What every homeowner should know on Air Conditioning basics

An air conditioner does not just cool indoor air but regulate and monitor the air temperature through the means of a thermostat. The system has an onboard filter that removes harmful particulates from the circulating air. It also functions as a dehumidifier because temperature is a key factor of humidity. What the system does is to reduce the temperature of a substantial amount of humid air, which in turn causes it to release a part of its moisture. That's why if you notice there are drains and moisture-collecting pans or drains attached to air conditioners or situated near them. Air conditioning systems are known to discharge water when they function on humid days.

When you’re replacing your air conditioner unit or having it repaired/serviced, you may run into some unfamiliar terms. Here is a list given below to help you understand some basic air conditioning terms that will help you familiarize with technical terminologies:
  • Air handler - It houses many critical components of the air conditioner and is the central part of the system. It includes the controls and the blower motor. However, it does not include the ductwork through which the conditioned air travels indoors to keep it cool.
  • Charge – This constitutes the total amount of refrigerant in your cooling system.
  • Coil - The pipes or tubes that pass through the area where the refrigerant flows and where heat transmission takes place.
  • Compressor - The heart of the system is housed in a metal casing fitted outside your home. It compresses refrigerant gas and transmits via the condenser coils, where it’s converted it into liquid form.
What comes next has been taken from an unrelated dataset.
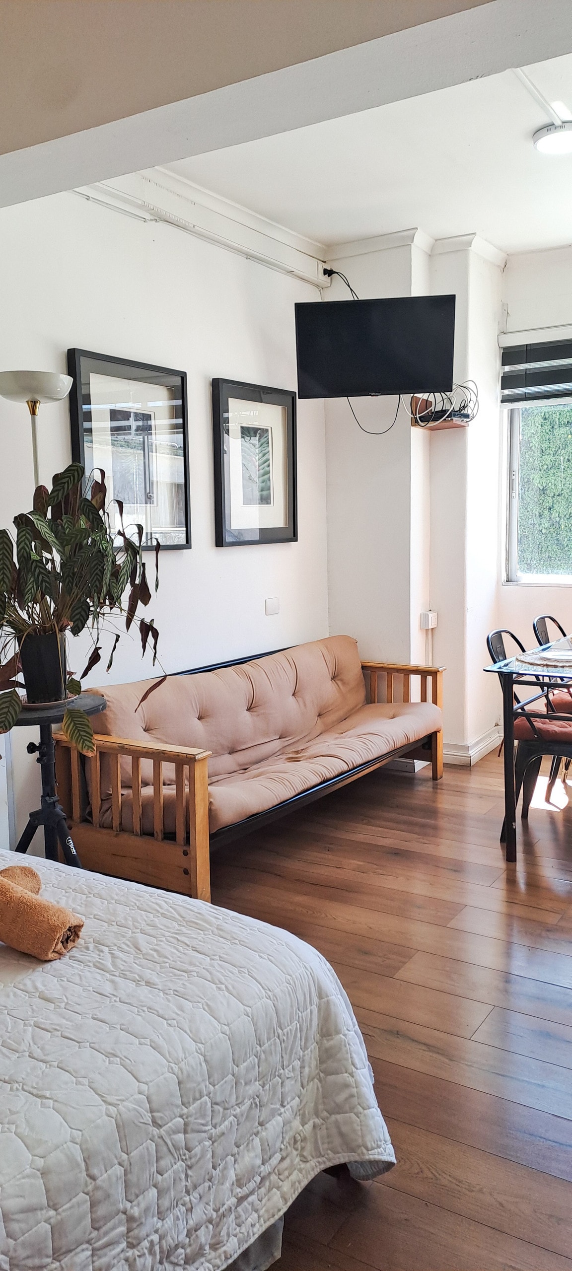 Bienvenido a un estudio/monoambiente exclusivo, cuenta con cama de 2 plazas Rosen de alta calidad y futón ideal para niños. El departamento es 100% eléctrico, tanto en calefacción como en cocina, equipado con artefactos modernos y funcionales. 📍 Ubicación privilegiada A 1 cuadra del Mall de Osorno. A 2 cuadras de la Plaza de Armas, Cercano a terminal, bares y restaurantes. Trato personalizado para una experiencia superior Lavandería de pago Estacionamiento privado

The heat from the refrigerant is removed and dispersed into the outdoor air.
  • Ductwork - The distribution system that helps in carrying cooled air from the conditioning unit to the various areas in your home.
  • Evaporator – The coil where the heat is absorbed by the refrigerant and transformed into gas.
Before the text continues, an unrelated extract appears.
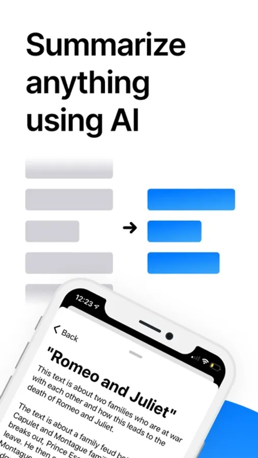 Use AI to summarize any text. Summarize documents and links from the share sheet or by copy-pasting into the app.

  • Expansion device – This device reverses the working process of the compressor as the temperature drops when the refrigerant’s pressure is decreased. The device is located inside the ducting accompanied with the presence of the furnace, where the same air handler is used without a dedicated fan.
  • Thermostat – It is an automated switch with adjustable controls which can be preset to a desired range of temperature.
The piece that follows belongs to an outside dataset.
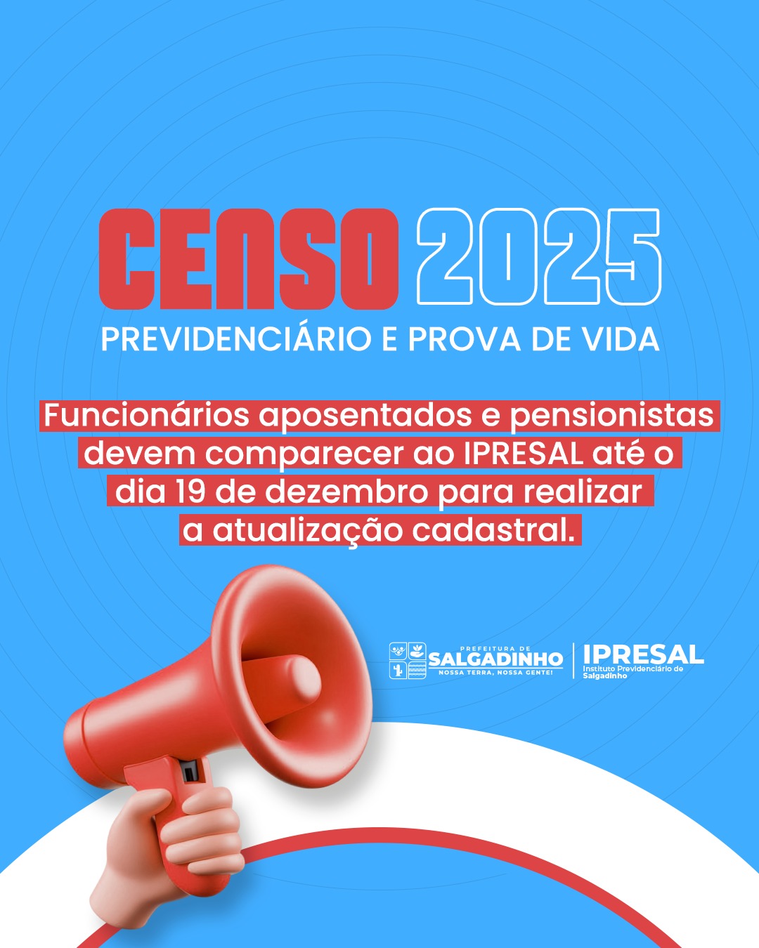 A Prefeitura de Salgadinho, por meio do Instituto de Previdência do Município (IPRESAL), informa que todos os servidores aposentados e pensionistas devem realizar a atualização cadastral referente ao Censo Previdenciário e à Prova de Vida 2025.

  • MERV – Also called as the Minimum Efficiency Reporting Value, it provides a numerical rating of a filter’s ability to capture airborne particles that are very minute in size for e.g. 0.3 to 10 microns. The higher the MERV ratings, the better the filter performance.
  • Refrigerant - The liquid that flows through the cooling system and assists in heat transfer. The refrigerant either absorbs or gives off heat when it changes from a liquid to a gas and vice versa.
  • Register - The covering made of metal found over supply vents in the various areas of your home. Registers dampers or louvers for controlling the amount of air coming out.
  • SEER – Also knows as the Seasonal Energy Efficiency Ratio, it indicates the cooling efficiency of an air conditioner. There is a rule that air conditioning systems manufactured after January 2006 should have a SEER rating of 13 or higher. The higher the SEER rating, the more energy efficient the air conditioner.
The world of air conditioning systems has its own language and terminologies. It’s helpful and useful for homeowners to acquaint themselves with relevant terminology when upgrading their air conditioners.